For this “surgery centers are the popular model,” said Mr. Vonderhaar.

Overall, rising health care costs are a factor, according to William Prentice, chief executive officer of the Alexandria, Virginia-based Ambulatory Surgery Center Association.

“As health care costs continue to rise, more insurers, employers and patients are questioning the amounts they are paying for that care and seeking lower cost providers that won’t force them to compromise on quality,” Mr. Prentice wrote in an email to Business Insurance. “(Ambulatory surgical centers) provide the outstanding patient experience and high-value care that consumers are looking for.”

Outcomes are another driving force: highly-specialized centers can often provide better service without the problems that arise in a hospital setting, according to Mr. Vonderhaar, who noted that fewer infections are reported at surgery centers.

“One of the key reasons is (there is) not a patient mix of the sick patients, (who) have an illness that can spread, coming in and sitting next to the person (who) is getting an orthopedic surgery,” he said.

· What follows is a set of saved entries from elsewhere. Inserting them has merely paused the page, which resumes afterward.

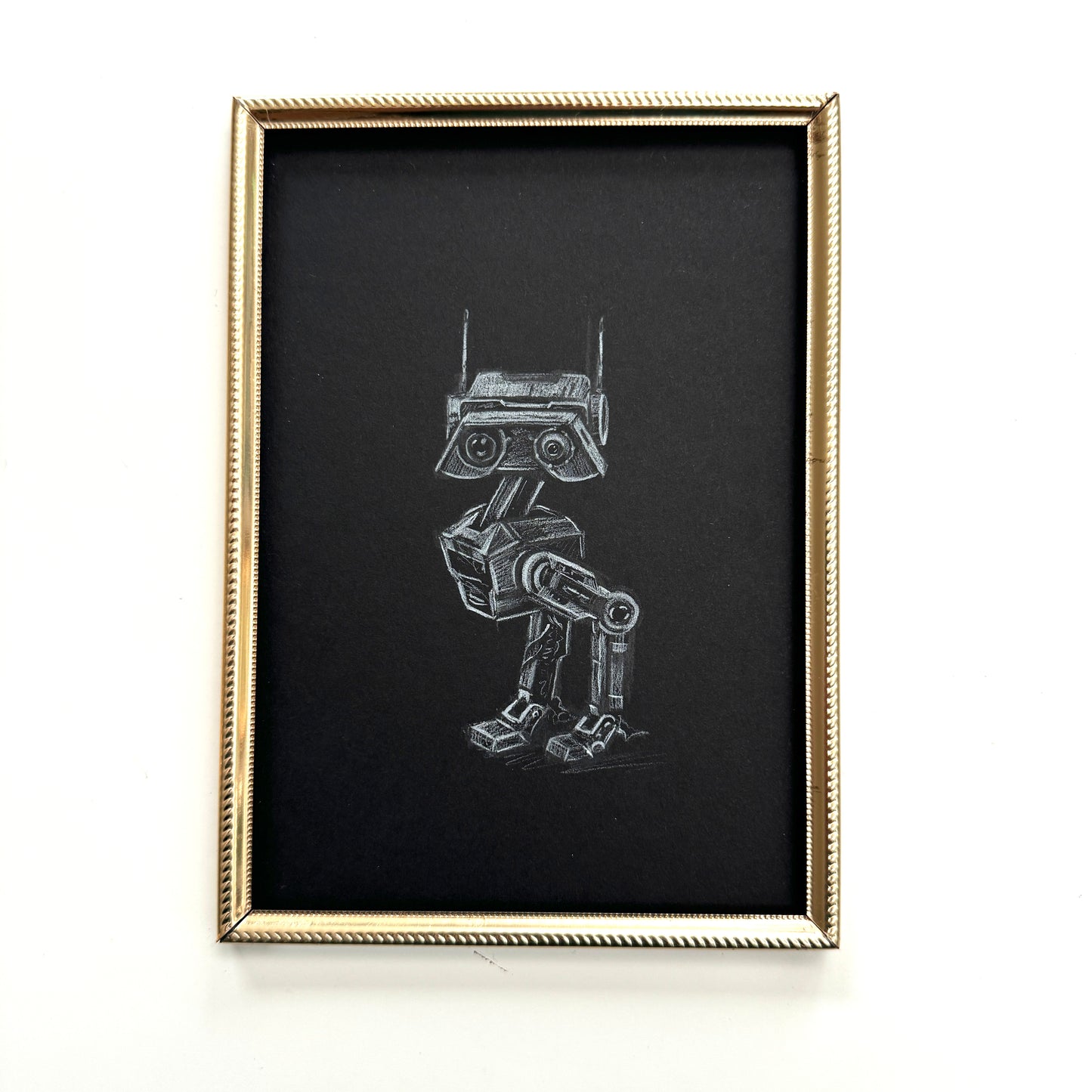 Sketch of BD-1, 6x8 white pencil & paint on black paper.
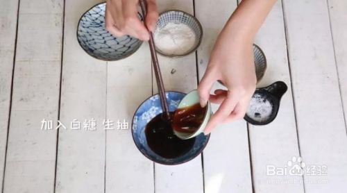 在小碗里加入白糖、生抽、蚝油、淀粉、水,并搅拌均匀。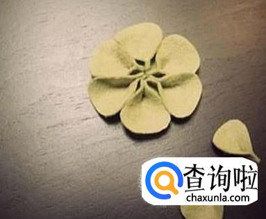 用针线把每片花瓣的根部连接在一起,然后把线抽紧,就做成了一朵花瓣好看的花朵。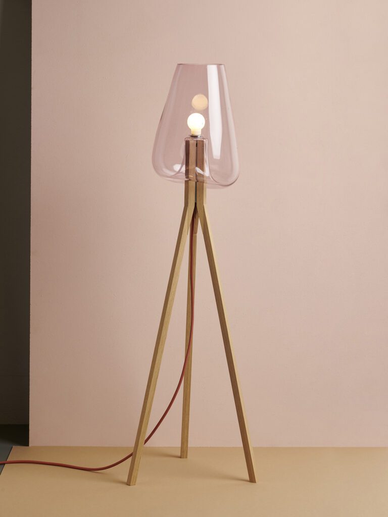 The typology of the lamp is defined by an unusual connection between glass and stand. It is created directly during the manufacturing process of the hot mouthblown glass.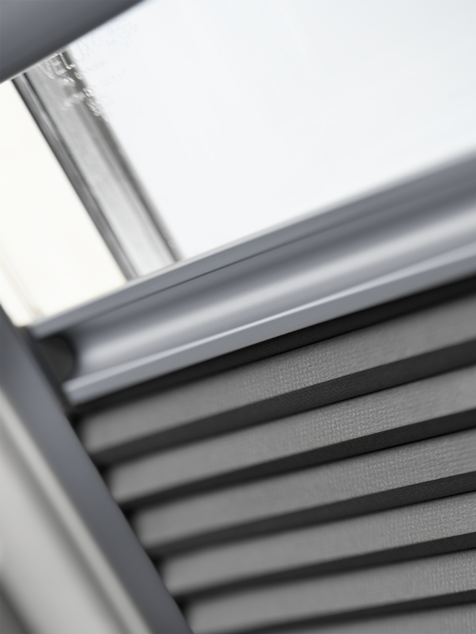 Energooszczędne rolety zaciemniające VELUX poprawiają właściwości cieplne w Twoim domu i jednocześnie podnoszą jakość snu. Podwójnie plisowana tkanina zaciemniająca ma strukturę aluminiowego plastra miodu, co poprawia jej izolacyjność. Z kolei innowacyjna konstrukcja niewymagająca mocowania do górnej lub dolnej części skrzydła okiennego pozwala na swobodną regulację położenia rolety.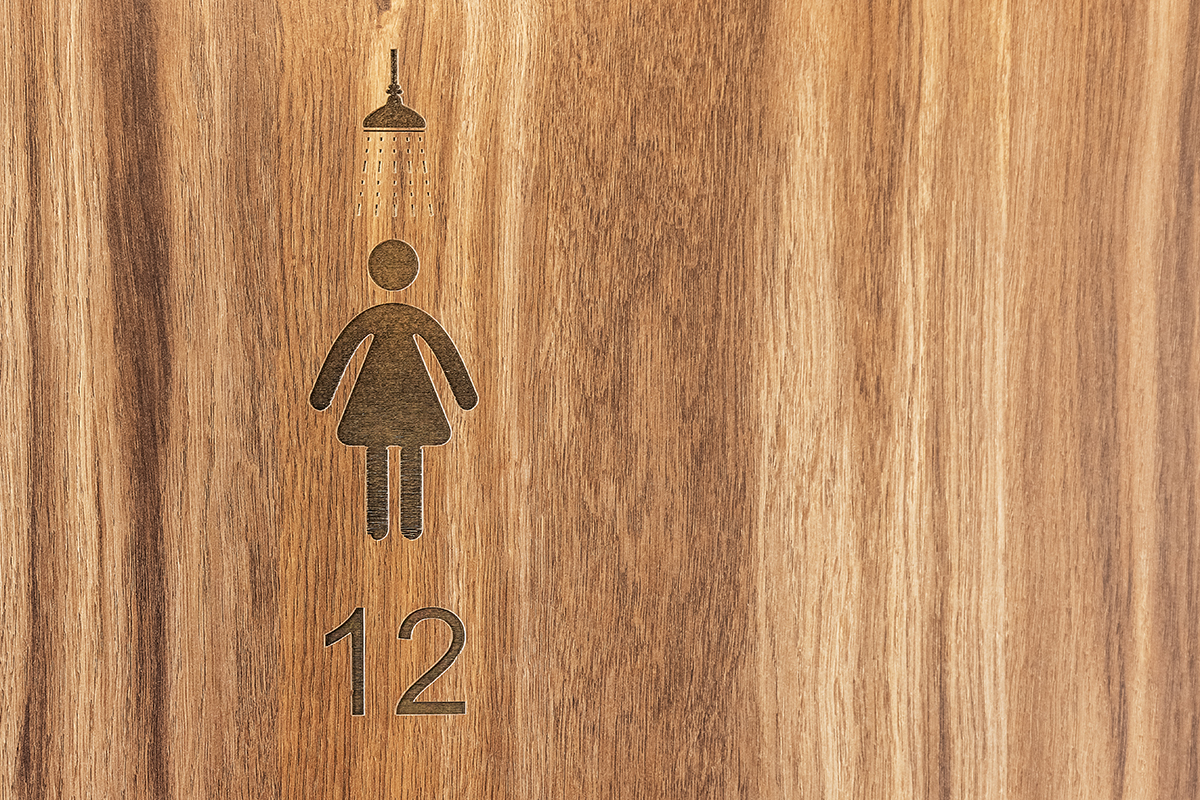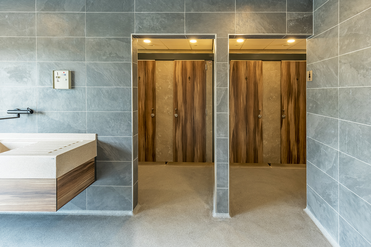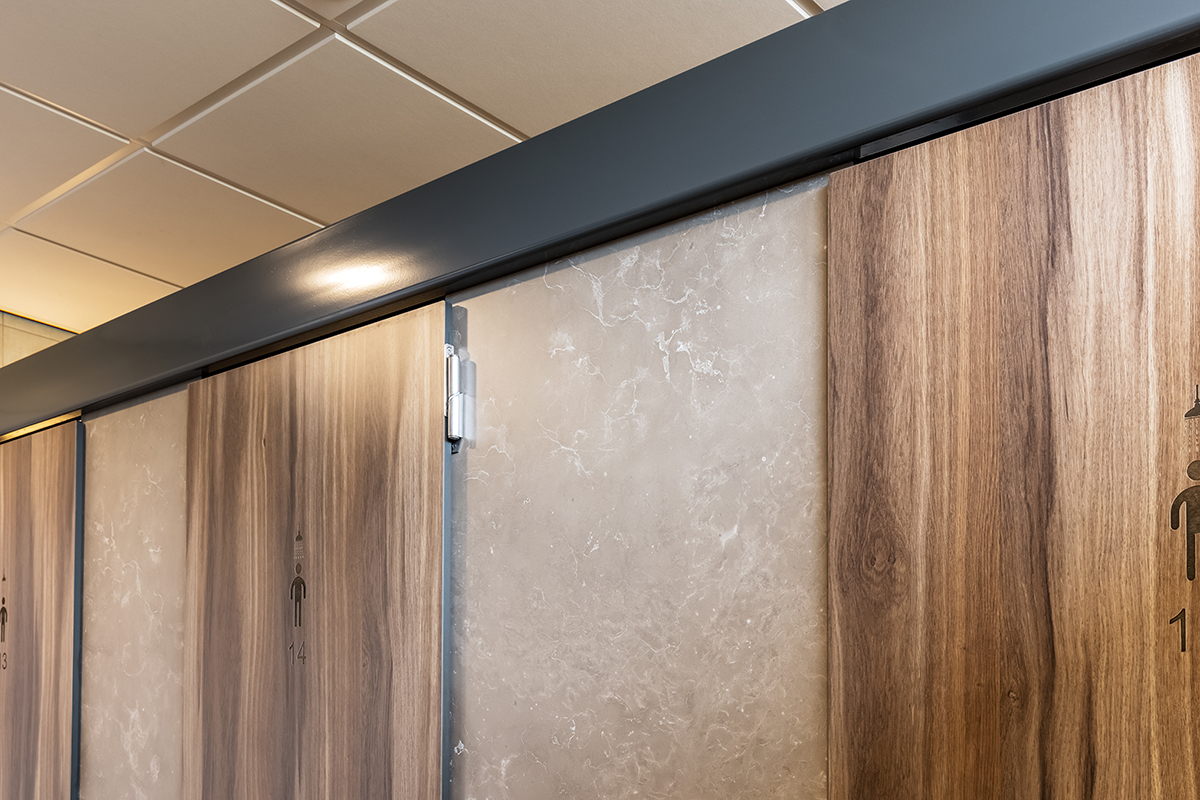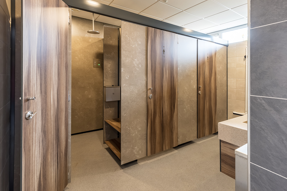 De tussenwanden van de sanitaire cabines zijn aansluitend gemaakt tot op de vloer in verband met maximale privacy. Het voorfront met de cabinedeuren is geheel zwevend en voorzien van een verzwaard bovenprofiel voor stabiliteit in de gehele constructie. De volkern deuren zijn voorzien van pictogrammen welke we met onze laser graveermachine gemaakt hebben. Op wens van de klant hebben we alle profielen antraciet grijs gepoedercoat wat het geheel 100% af maakt.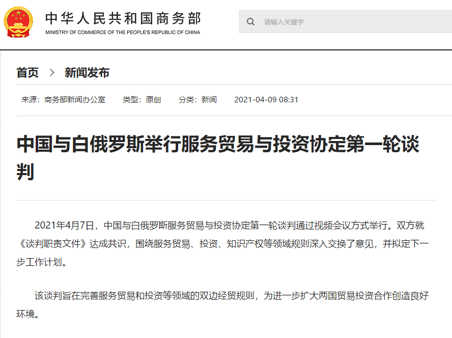 星岛环球网消息:据商务部官网消息,2021年4月7日,中国与白俄罗斯服务贸易与投资协定第一轮谈判通过视频会议方式举行。双方就《谈判职责文件》达成共识,围绕服务贸易、投资、知识产权等领域规则深入交换了意见,并拟定下一步工作计划。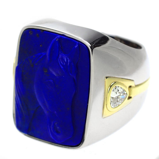 Pt900/K18YG ラピスラズリカメオ ダイヤモンド リング D0.51ct 馬 印台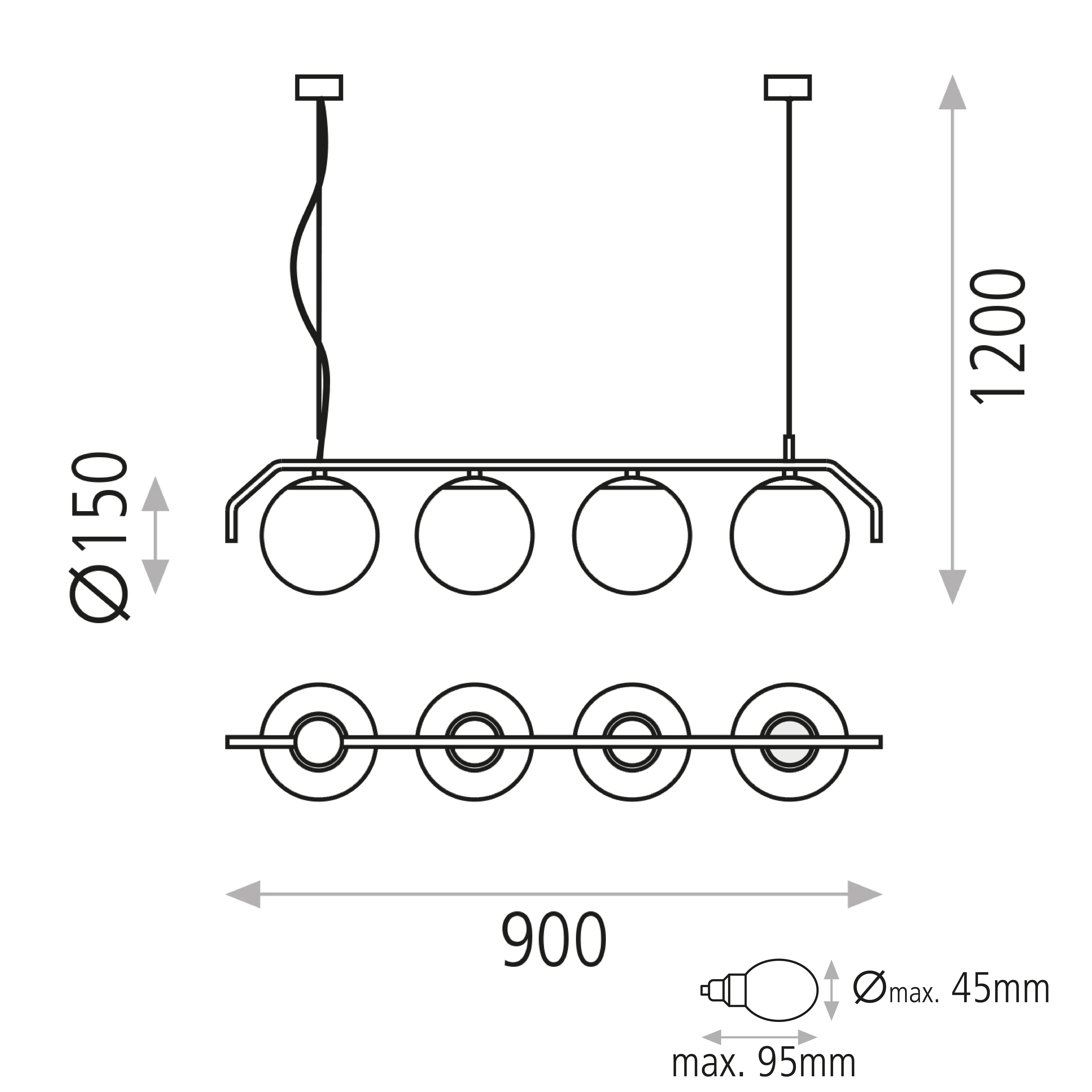 - 4 opálově bílé skleněné difuzory ve tvaru koule
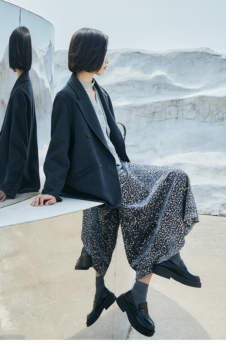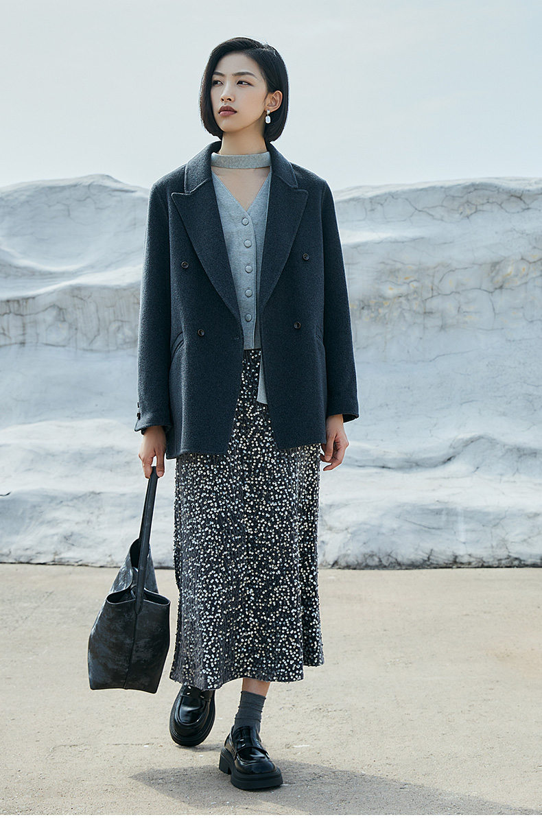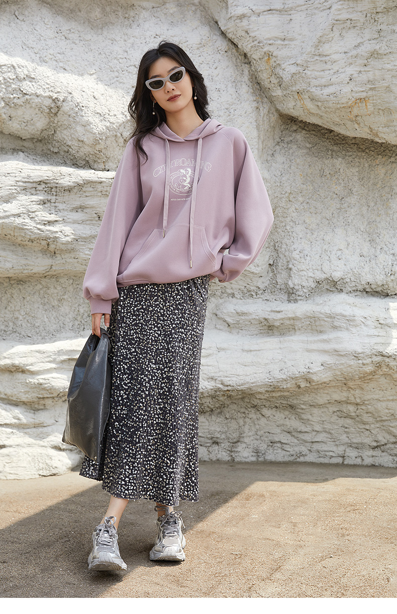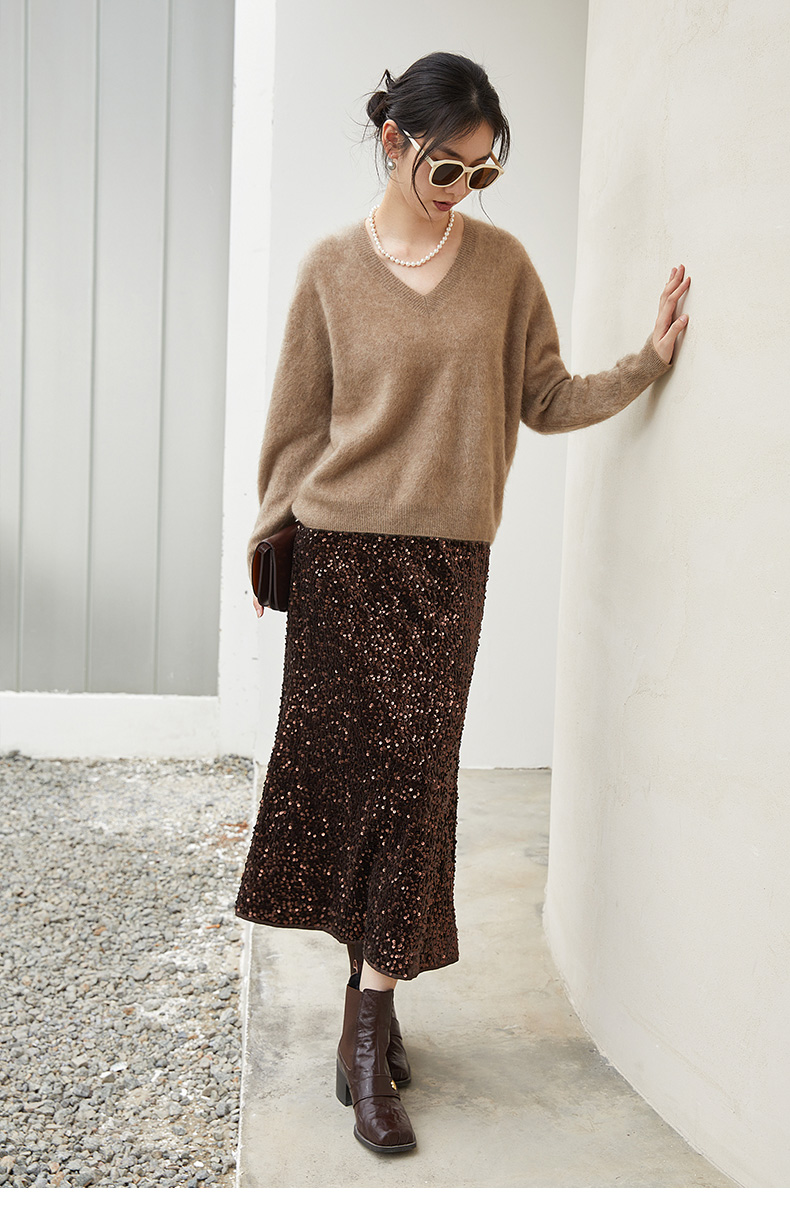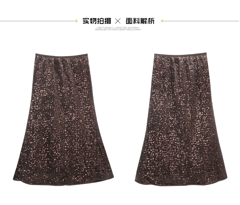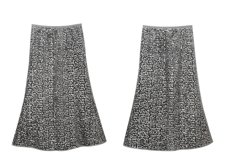 银灰色亮片鱼尾半身裙 复古风高腰显瘦中长裙 派对约会闪耀百搭女式裙装

The U.S. Centers for Disease Control and Prevention reports one in 31 hospital patients has at least one health care-associated infection every day.

Because of fewer infections, patient satisfaction can be higher at a surgical center, said Ms. Buhl. “This trend definitely will continue; people are still able to have good outcomes at a lower cost,” she said.

One area to manage are comorbidities and others who are at-risk for complications during surgery, she added.

“When you get into invasive or multilevel (surgery), or someone with a pre-existing cardiac condition, you want to monitor them more post-op,” she said.

But hospital settings are often the better choice for some patients who might require overnight care or monitoring, she added. “They may require a higher level of nursing care post-op.”  

Patients with heart issues or those who are overweight may require more post-op care, according to Ms. Buhl.